Richard C. Schragger

What Is “Government” “Speech”?: The Case of Confederate Monuments

Kentucky Law Review


The concept of “government speech,” like much of First Amendment doctrine, is built upon three familiar distinctions: the distinctions between speech and conduct, public and private, and coercive and non-coercive. All three distinctions are implicated by recent conflicts over Confederate monuments. The first distinction — between speech and conduct — prevents courts from appropriately weighing the discriminatory harms of Confederate iconography, in large part because of the assumption that most constitutional restraints on government apply to conduct and not to “mere” speech. The second distinction — between public and private speech — also tends to insulate the government’s expressive conduct. If the government is speaking, it need not abide by the neutrality requirements of the First Amendment; there is no necessity for the government to be even-handed in its pronouncements. The third distinction — between coercive and non-coercive speech — is also implicated by conflicts over Confederate statuary. Are citizens being coerced when they are required to pass a memorial honoring the Confederate dead in order to enter a government building? Are local taxpayers being forced to speak by state laws mandating that cities maintain their Confederate monuments? 

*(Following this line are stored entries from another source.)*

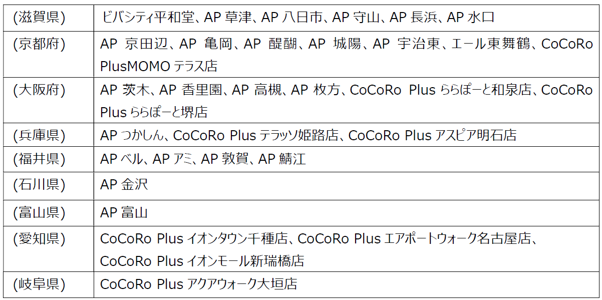※CoCoRo Plusの表記のない店舗は、平和堂グループが運営するSC内の店舗です
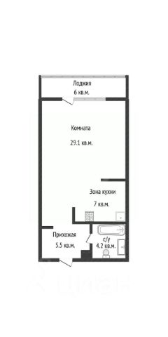 - большая комната 29.1 кв.м. с выходом на застекленную лоджию
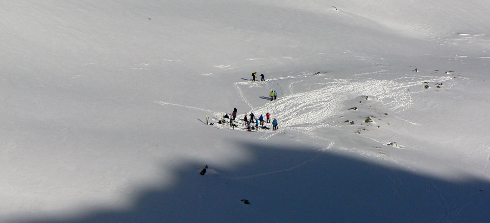 Ľudí všade ako maku, aj kurzisti kopú ako diví na pár miestach, stopy ako koľajnice do všetkých strán vedú. Tak idem konečne do toho Lúčneho sedla a na Hrubú kopu, čo som minule v hmle netrafil. Aj tam davy, no čo, konečne pekný deň vyšiel. Pod Kopami to už mäkne, hore v sedle je ľadovo - vyfúkané, ešte kúsok sa dá na lyžiach a potom už len peši až na Hrubú Kopu.
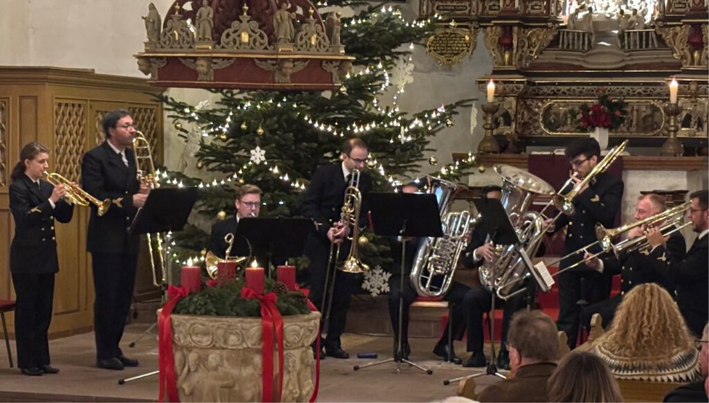 Das Benefiz-Konzert wurde nach 2024 jetzt zum zweiten Mal nach der Neugründung des Musikkorps angeboten. Anderthalb Stunden lang verwöhnten ein Posaunenensemble und ein Blechbläserquintett der Militärmusiker die Ohren der Zuhörerinnen und Zuhörer, die sich mit stehendem Applaus bedankten. Zum Abschluss des Konzerts gaben beide Formationen das Weihnachtslied „Macht hoch die Tür“ zum Besten – und natürlich sang das Publikum mit.
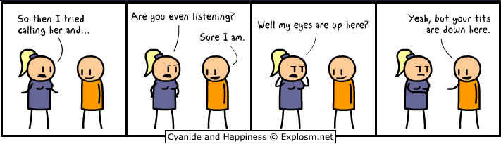 Eyes up here, dumbass.
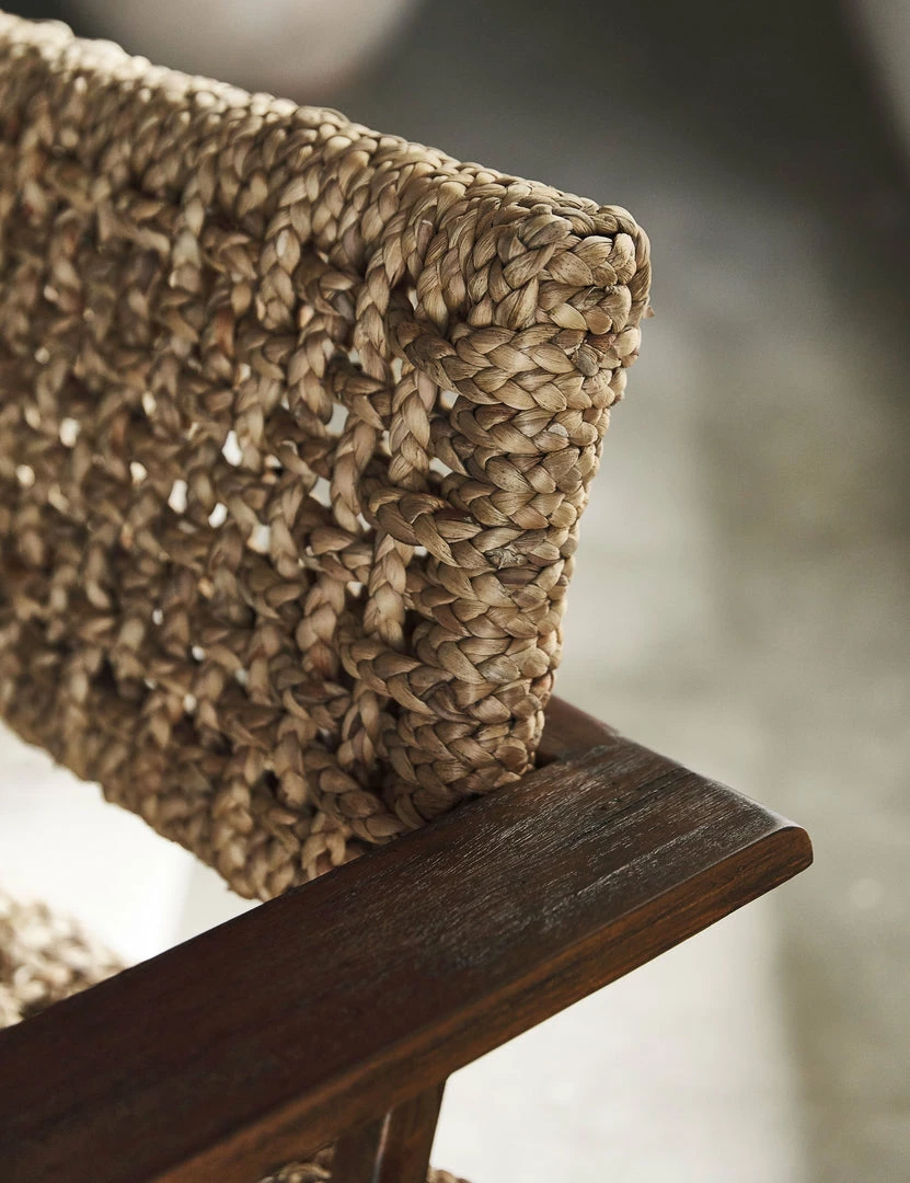 Modern design meets bohemian materials on this accent chair with arms. The curved wooden frame holds a cantilevered seat, woven with natural banana fibers for a high-textured look. We love this accent chair styled in living rooms or bedrooms for added seating.
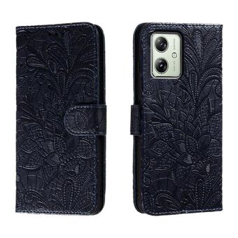 Για Motorola Moto G54 Lace λουλούδι ανάγλυφο Flip δερμάτινη θήκη τηλεφώνου (σκούρο μπλε)

This Article argues that the distinctions underlying the government speech doctrine are in many instances untenable. It further considers two possible constitutional principles that might serve as checks on discriminatory government speech: a more robust principle of expressive equal treatment and a less stringent but nonetheless meaningful principle of minimal representativeness. If courts will not enforce the former than they should at least enforce the latter. Legitimate government speech must be, by definition, representative. The Article applies this principle to current controversies involving Confederate monuments.


Richard C. Schragger, What Is “Government” “Speech”?: The Case of Confederate Monuments, 108 Kentucky Law Review, 665–694 (2020).